Set the listing down exactly; no pictures.

# [Data segment]

····················

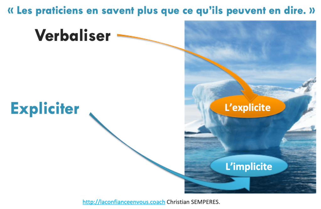 Oui ChatGPT, c’est en examinant de manière critique ce que le praticien a fait qu’il identifiera ses axes d’amélioration. Encore faut-il que ce qu’il examine soit pertinent ! Comme Donald Schön nous dit que la verbalisation ne permet d’exprimer qu’une infime partie de ce que le praticien sait faire, tu ne nous dis toujours pas comment faire ! Autrement dit « Verbaliser l’explicite » ne suffit pas à prendre conscience de sa pratique. Comme un iceberg, la plus grande partie est cachée sous l’eau. « L’expérience est cachée dans l’agir » nous dit Yann Vacher, il faut aller la chercher. Il convient donc « d’expliciter l’implicite de sa mémoire procédurale !« C’est pour ça que la Pratique réflexive n’est pas innée mais qu’elle s’acquiert par entraînement. Il faut s’entraîner à expliciter l’implicite ! Pour en prendre « conscience. » Il faut l’avoir vécu ! Il faut être Sapiens donc, pas un robot. L’explicitation de sa pratique n’est pas innée non plus, il y a des techniques pour cela, ça s’apprend. J’en parlerai durant ma webconférence en présentant la technique d’entretien d’aide à l’explicitation de Pierre Vermersch, psychothérapeute chercheur au CNRS, une technique sur laquelle j’ai été formé et recyclé périodiquement durant toute ma carrière.
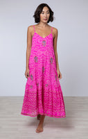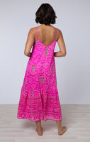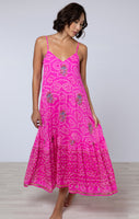 We've recreated this intricate design from our Juliet Dunn archives. Silk is screen printed with a white pattern before being hand block printed and finished with delicate sequin embroidery. Truly special, this dress is designed with cocktail parties in mind!
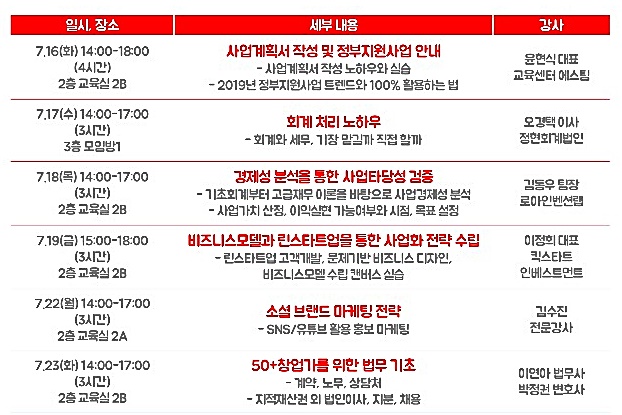 강의·실습 내용은 사업계획서 작성 및 2019년 정부지원사업 트렌드와 활용, 회계, 경제성 분석 및 사업 타당성 검증, 사업계획서 작성 노하우, 비즈니스모델과 불확실한 창업 환경에서 지속적 혁신을 실현할 수 있는 린스타트업(Lean Startup)을 통한 사업화 전략, 소셜브랜드(SNS·유튜브 등) 마케팅 전략, 계약, 노무, 지적재산권 등 법무 기초 등으로 총 19시간이다.
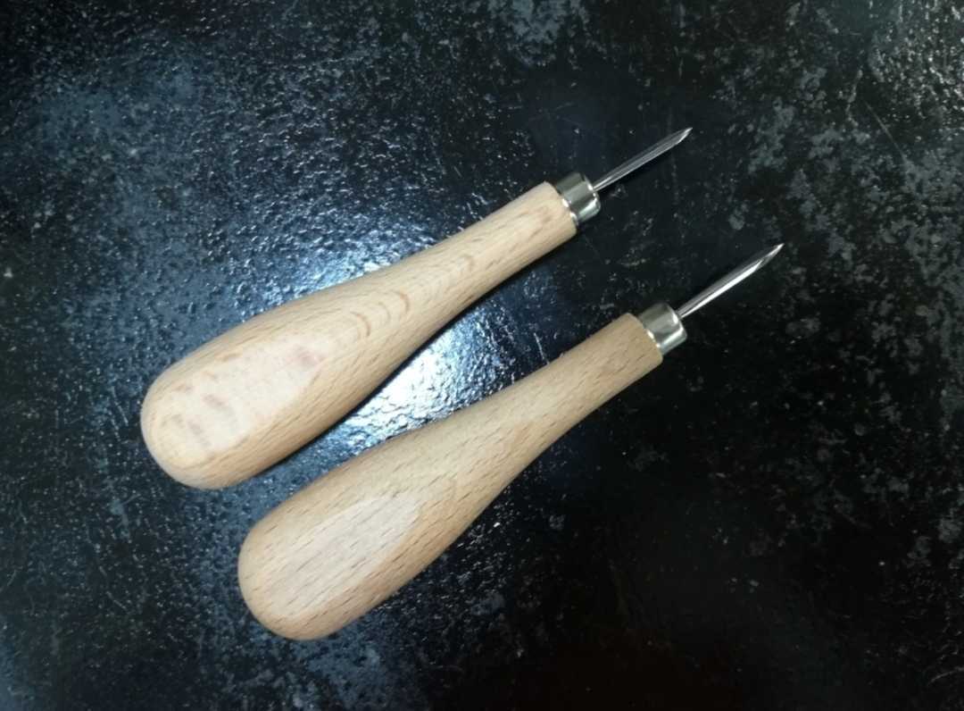- 国産 職人仕様 菱ぎり 極細目(2,0mm)、細目(2,4mm) 2本セット 研ぎ上げ済み レザークラフト 菱ギリ きり キリ ☆

····················

# [Your solution]
 Oui ChatGPT, c’est en examinant de manière critique ce que le praticien a fait qu’il identifiera ses axes d’amélioration. Encore faut-il que ce qu’il examine soit pertinent ! Comme Donald Schön nous dit que la verbalisation ne permet d’exprimer qu’une infime partie de ce que le praticien sait faire, tu ne nous dis toujours pas comment faire ! Autrement dit « Verbaliser l’explicite » ne suffit pas à prendre conscience de sa pratique. Comme un iceberg, la plus grande partie est cachée sous l’eau. « L’expérience est cachée dans l’agir » nous dit Yann Vacher, il faut aller la chercher. Il convient donc « d’expliciter l’implicite de sa mémoire procédurale !« C’est pour ça que la Pratique réflexive n’est pas innée mais qu’elle s’acquiert par entraînement. Il faut s’entraîner à expliciter l’implicite ! Pour en prendre « conscience. » Il faut l’avoir vécu ! Il faut être Sapiens donc, pas un robot. L’explicitation de sa pratique n’est pas innée non plus, il y a des techniques pour cela, ça s’apprend. J’en parlerai durant ma webconférence en présentant la technique d’entretien d’aide à l’explicitation de Pierre Vermersch, psychothérapeute chercheur au CNRS, une technique sur laquelle j’ai été formé et recyclé périodiquement durant toute ma carrière.
 We've recreated this intricate design from our Juliet Dunn archives. Silk is screen printed with a white pattern before being hand block printed and finished with delicate sequin embroidery. Truly special, this dress is designed with cocktail parties in mind!
 강의·실습 내용은 사업계획서 작성 및 2019년 정부지원사업 트렌드와 활용, 회계, 경제성 분석 및 사업 타당성 검증, 사업계획서 작성 노하우, 비즈니스모델과 불확실한 창업 환경에서 지속적 혁신을 실현할 수 있는 린스타트업(Lean Startup)을 통한 사업화 전략, 소셜브랜드(SNS·유튜브 등) 마케팅 전략, 계약, 노무, 지적재산권 등 법무 기초 등으로 총 19시간이다.
- 国産 職人仕様 菱ぎり 極細目(2,0mm)、細目(2,4mm) 2本セット 研ぎ上げ済み レザークラフト 菱ギリ きり キリ ☆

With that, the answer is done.